Nyaris semua aturan adat minangkabau tidak memiliki nomor Undang undang dan pasal, melainkan tatanan hukum adat Minangkabau berasal dari petatah-petitih.
Petatah itulah yang menjadi pedoman pelaksanaan yang telah digaris bawahi.
Sehingga pucuk pimpinan adat ini berlaku dengan ke toko-han, takah, dan tageh. Tokoh-"mereka dapat menjadi panutan anak dan keponakan".
Takah-tongkrongan membawakan isyarat tertentu, "tagak mahajan tuah, duduk maukua jarak".
Sedangkan, tageh-dalam bentuk pendalaman pengalaman, sehingga ketegasannya menjadi acuan dan ukuran, "bersikap tegas dalam melaksanakan kebenaran".
Ketegasan ini teramat diperlukan dalam melaksanakan aturan hukum adat yang lebih luas. Berdasarkan pucuk pimpinan adat komunal sangat diperlukan bagi orang yang memiliki silsilah dari keturunan kerajaan yang syah di masanya. Dapat diakui semua pihak bagi kultur ini, baik sebagai pimpinan adatbini secara menyeluruh maupun pimpinan adat paling terendahnya seperti ketua KAN. Seyogianya tak memiliki silsilah dari unsur keturunan kerajaan, tetapi sebuah pengakuan yang ditandai plakat hibah dari silsilah keturunan kerajaan yang syah dalam memimpin kepemerintahan adat ini.
Sehingga pemerintah konvensional dalam permohonan pimpinan adat untuk memperoleh "patigan" menjadi pertimbangan tanpa penolakan.
Alhasil, penerimaan "Patigan" bukanlah semata buat pengayaan sosial bagi kultur ini secara sempit tetapi mengandung makna yang lebih luas.

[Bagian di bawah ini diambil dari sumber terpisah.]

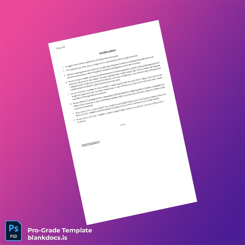Be the first to review “Blank India Guwahati University Registration Certificate Template (Word/PDF) 2 page”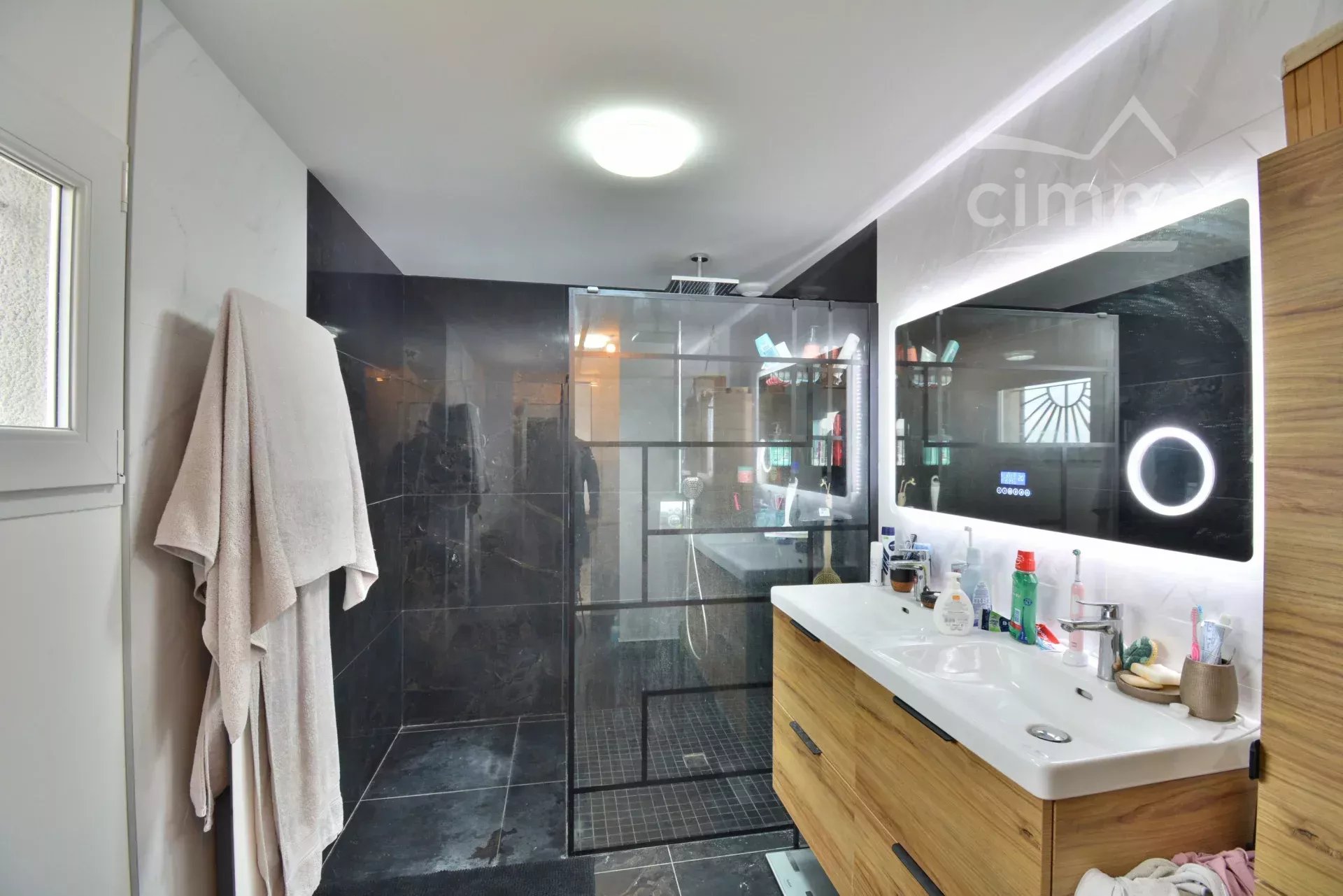 La villa comprend quatre chambres spacieuses, une salle de jeux, une cuisine d'été ainsi qu'une cuisine américaine ouverte sur un salon lumineux. Vous bénéficierez également d'un dressing, de trois salles de douche avec toilettes, de trois WC séparés, et d'un garage.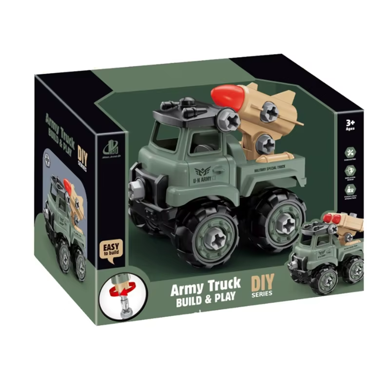 Descripción:Camiones de juguete del ejército para armar DIY para niños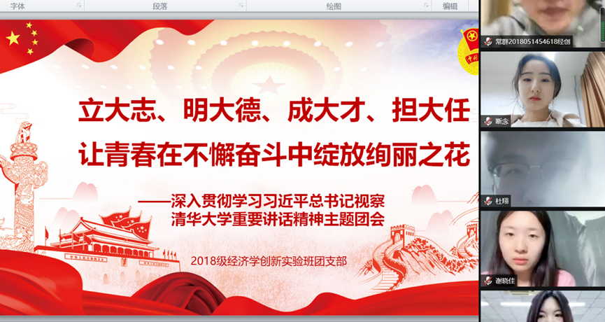 (通讯员:刘毓菲)5月4日至5月5日,经济学院组织各团支部开展学习贯彻习近平总书记视察清华大学重要讲话精神主题团日活动。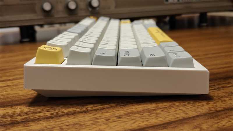 通过侧面观察,会发现按键整体布局呈现出一定的弧面效果,阶梯式缓升的设计在敲击时可以获得更佳的舒适感,让指尖能够获得更为欢快的敲击感。整体按键采用MDA高度的热升华PBT键帽,保证长时间的使用不掉色不打油。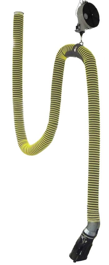 The spring operated hose reel (SER) uses an enclosed spring cassette to recoil the exhaust hose. An operator can pull down the hose to the desired position and pull down again to retract the hose.

Penerimaan "Patigan" menjadi support buat biaya pendidikan dan penguatan permodalan ekonomi bersama dan perorangan dengan landasan kelompok komunal dalam penggalangan ekonomi kultur tanpa dibebani dengan riba.
Sehingga penerimaan "Patigan" dari sumber penghasilan kekayaan leluhur "tanah Ulayat komunal" berdampak positif mendorong konsep "empat pilar pembangunan kebangsaan".
Ranahnya bukan semata di kultur Minangkabau, tetapi kultur yang lain seyogianya ingin melakukan konsep serupa yang terdapat pada daerah lain bak petuah, "lain lubuk lain ikan, lain padang lain belalang", maka kultur tersebut telah ikut melaksanakan konsep, "empat pilar pembangunan kebangsaan".(*).